BioTork
- Company type: Private
- Industry: Renewable Chemicals
- Founded: 2008
- Headquarters: Florida
- Website: www.biotork.com

= BioTork =

Biotechnology company

BioTork is a biotechnology company founded in 2008 that specializes in the optimization of industrial fermentation processes. BioTork provides robust microorganisms that are able to convert low-value, raw carbon sources such as agroindustrial by-products and waste into high-value chemical commodities (e.g. biofuel and feed). These biochemical commodities such as omega-3 oil, lipids, fuels, enzymes, plastics and other compounds are derived from renewable feedstock using a continuous culture technology.

== Technology ==
BioTork has an exclusive license with Evolugate, a technology provider specializing in adaptive evolution technology that is a continuous culture apparatus which selects the fittest genetic variants from a certain population under controlled environmental conditions. After multiple stages of natural selection, the microorganisms acquire enhanced capabilities that were not present in the original strain. These new capabilities include a faster growth rate, the ability to grow at non-optimal temperatures, resistance to inhibitors or growth under nutrient limiting conditions

=== Non-GMO ===
The microorganisms that are evolved with Evolugate's technology are done so through natural selection, and therefore are enhanced without genetically modifying their composition. This allows for the microorganism to exist without being labelled as a GMO, and therefore circumvents issues related to food and feed regulations.

=== Versatile Feedstock ===
The technology that BioTork uses through Evolugate is able to convert unrefined, raw feedstock into several high quality resources, as mentioned before including omega-3 fatty acids and renewable chemicals. Raw carbon sources are generally renewable, often coming from biodiesel production or leftover agricultural waste. Therefore, the end-product that BioTork is left with is sustainable and inexpensive, in addition to non-GMO.
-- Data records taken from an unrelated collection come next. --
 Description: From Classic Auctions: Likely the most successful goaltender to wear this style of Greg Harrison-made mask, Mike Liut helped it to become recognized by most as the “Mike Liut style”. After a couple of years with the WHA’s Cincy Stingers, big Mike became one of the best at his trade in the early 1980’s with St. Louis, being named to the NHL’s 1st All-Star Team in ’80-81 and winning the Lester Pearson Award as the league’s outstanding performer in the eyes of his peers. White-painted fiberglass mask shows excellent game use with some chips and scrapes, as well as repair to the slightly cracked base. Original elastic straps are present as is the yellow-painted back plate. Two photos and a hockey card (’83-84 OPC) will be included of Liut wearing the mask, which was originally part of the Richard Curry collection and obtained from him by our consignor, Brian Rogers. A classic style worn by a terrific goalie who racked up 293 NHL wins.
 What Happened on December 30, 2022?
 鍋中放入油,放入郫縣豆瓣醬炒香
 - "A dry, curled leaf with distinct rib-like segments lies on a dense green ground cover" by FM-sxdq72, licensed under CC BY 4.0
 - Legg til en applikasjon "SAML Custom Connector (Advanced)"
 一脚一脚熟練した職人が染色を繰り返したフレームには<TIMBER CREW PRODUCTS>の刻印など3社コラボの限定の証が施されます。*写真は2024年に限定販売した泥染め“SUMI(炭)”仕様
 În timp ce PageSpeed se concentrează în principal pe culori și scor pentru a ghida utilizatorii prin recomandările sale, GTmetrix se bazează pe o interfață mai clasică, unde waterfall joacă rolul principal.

== Hawaii Zero Waste Program ==
BioTork is currently in collaboration with the US Department of Agriculture and Pacific Basin Agricultural Research Center (USDA-PBARC). This collaboration is related to recent legislation passed in Hawaii to promote upcycling of raw materials, or agricultural waste, as part of the Zero Waste initiative. The State of Hawaii has dedicated special purpose revenue bonds of up to $50,000,000 that will be used towards upcycling the unmarketable papayas from the state and convert them into omega-3 fatty acids that can then be refined into commercial fish feed.

== Collaboration with BASF ==
BASF, The Chemical Company, and BioTork currently have a bioplastics development deal to industrially produce biopolymers and green-based chemicals. The main objective of this collaboration is to improve biochemical production processes through strain development. The financial details of this collaboration and partnership have not been disclosed at this time.